The mill was built for an annual output of 7,500 tonnes of 50 percent wet wood pulp. Operations went well, and in 1900 the factory was expanded to 11,000 tonnes, switching to hot grinding with four grinding machines, six refiners, and sixteen pulp take-up machines. It became one of the district's most important workplaces, drawing workers from a wide area, including the border regions of Sweden, and around 1900 it employed 50 to 60 people.

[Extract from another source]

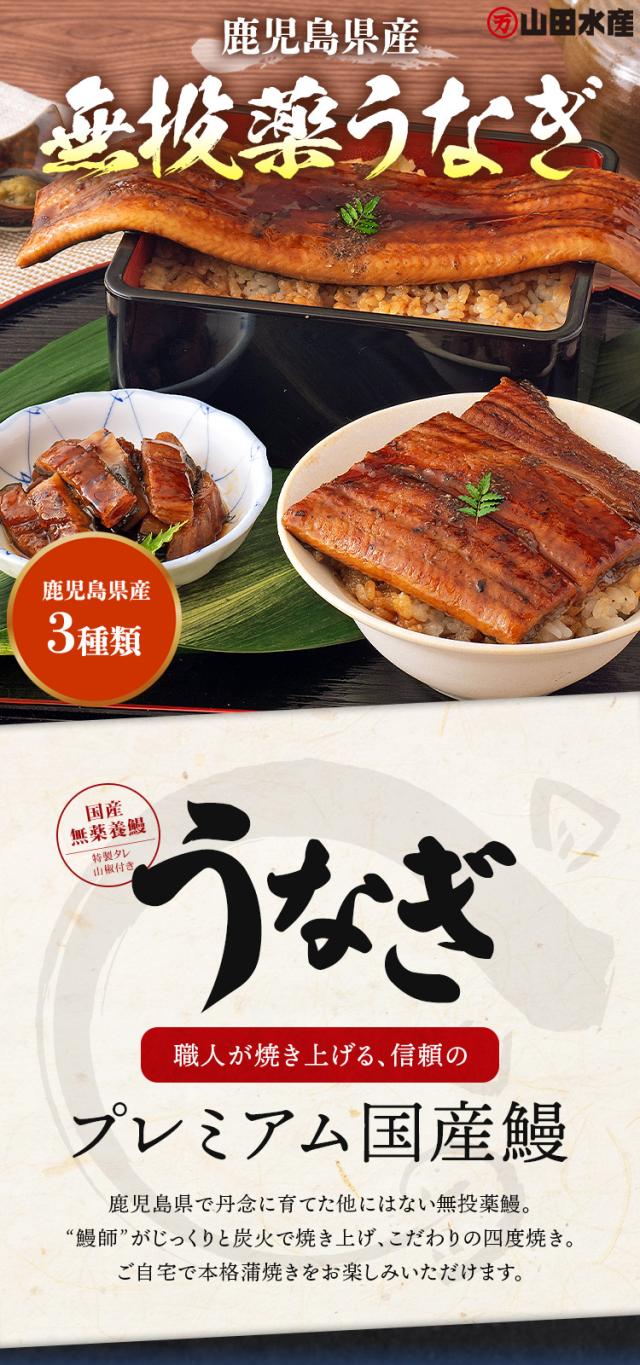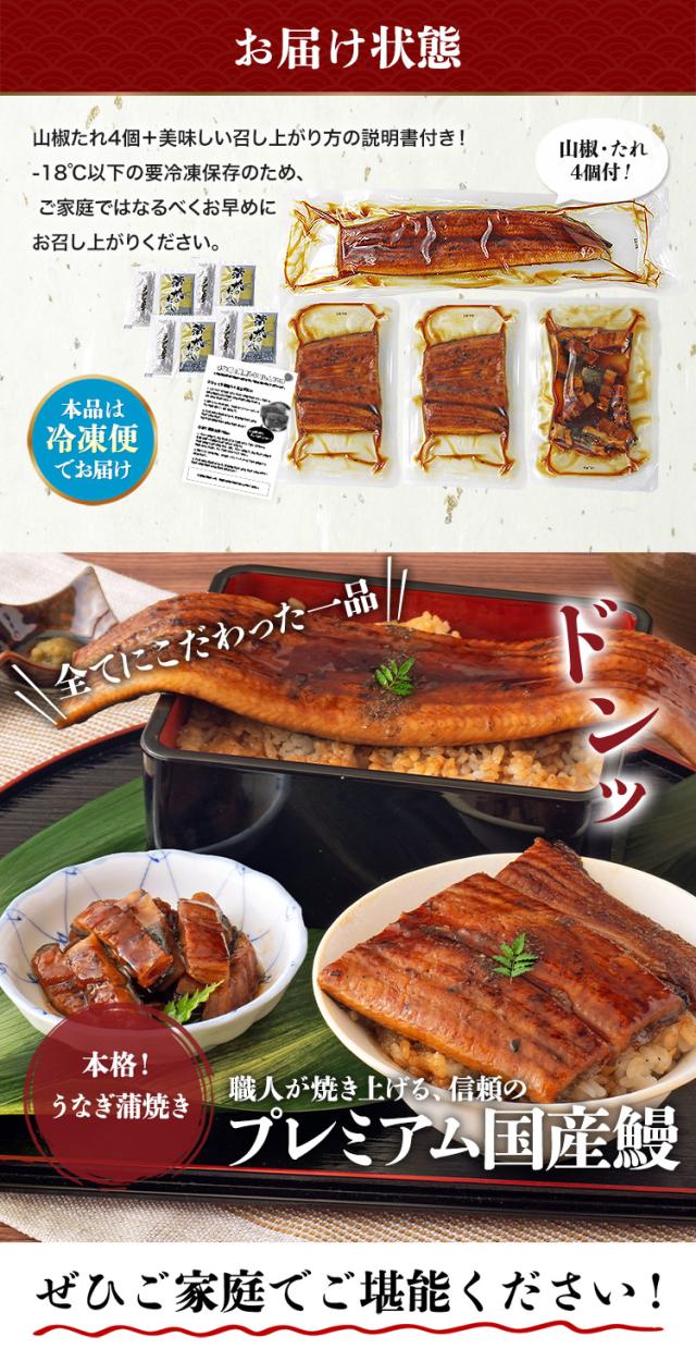 うなぎ(鹿児島県)、しょうゆ(大豆・小麦を含む)、砂糖、みりん、水あめ、発酵調味料

Before the mill was established, disagreements with the Glomma's timber-floating management had created problems for Furuholmen's plans, so at the outset he took on the floating of timber to the mill himself, along with the transport of the finished pulp to Askim. For many years the pulp was carried by horse and cart to Askim station and then by train to the large paper factories in Sarpsborg and Fredrikshald (Halden). A large warehouse was built at the station, but a railway siding was later laid to Kykkelsrud so the pulp could be loaded onto rail cars near the factory.

== From wood pulp production to power station ==

Before the turn of the century, Furuholmen set out to use the flow of the Glomma to generate electric power, and in 1898 he formed Aktieselskabet Glommens Træsliberi to raise capital for a power plant, folding all his properties and operations, the mill included, into the new company. Serious financial trouble followed soon after construction began, and the project was saved only when the German firm Schuckert & Co, a part-owner of the power company A/S Hafslund in Sarpsborg, came in as an owner. Fresh difficulties arose just before Kykkelsrud power station was completed in 1903, and the German company took over Glommens Træsliberi entirely.

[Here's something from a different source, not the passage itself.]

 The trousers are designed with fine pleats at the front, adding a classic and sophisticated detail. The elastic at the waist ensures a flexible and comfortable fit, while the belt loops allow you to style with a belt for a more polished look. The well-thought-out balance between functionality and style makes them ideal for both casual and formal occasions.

Furuholmen was left with heavy debts and went bankrupt at the petition of his creditor Askim Sparebank, though he was allowed to live at Kykkelsrud farm until his death in 1909.

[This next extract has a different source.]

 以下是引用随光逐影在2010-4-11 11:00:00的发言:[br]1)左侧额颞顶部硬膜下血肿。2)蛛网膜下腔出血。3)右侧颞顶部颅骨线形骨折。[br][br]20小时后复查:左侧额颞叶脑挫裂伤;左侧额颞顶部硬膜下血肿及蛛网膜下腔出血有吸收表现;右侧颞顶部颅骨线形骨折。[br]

The company's turn toward power production made the mill less important, and it was leased to the Christiania firm A/S Lilloe & Smith, which ran it until 1926; output reached 17,000 tonnes of 50 percent wet wood pulp a year in 1921. A/S Hafslund took over Kykkelsrud power station in 1910 and ran the mill as well from 1926 to 1929. By then wood pulp prices had been poor for so many years that profitable operation was impossible, and the mill closed for good. The mill buildings were demolished in 1939 to make way for a new dam for the power station.

== Bibliography ==

- Idland, Tor (2001). Fra ville stryk til fossekraft 1860–1914. Askim kommune.
- Idland, Tor, ed. (1995). Gjør din plikt, krev din rett. Askim: Askim og omegn faglige samorganisasjon.
- Grøteig, Truls. Trekk fra et arbeidermiljø 1900–1904. Askim.
- Furuholmen, Gunerius (1945). Christen Furuholmen og hans slekt. Trekk fra familiens liv. Oslo.
- Svendsen, Åsmund (2004). Fylke i grenseland, vol. 4 of Østfolds historie. Østfold fylkeskommune.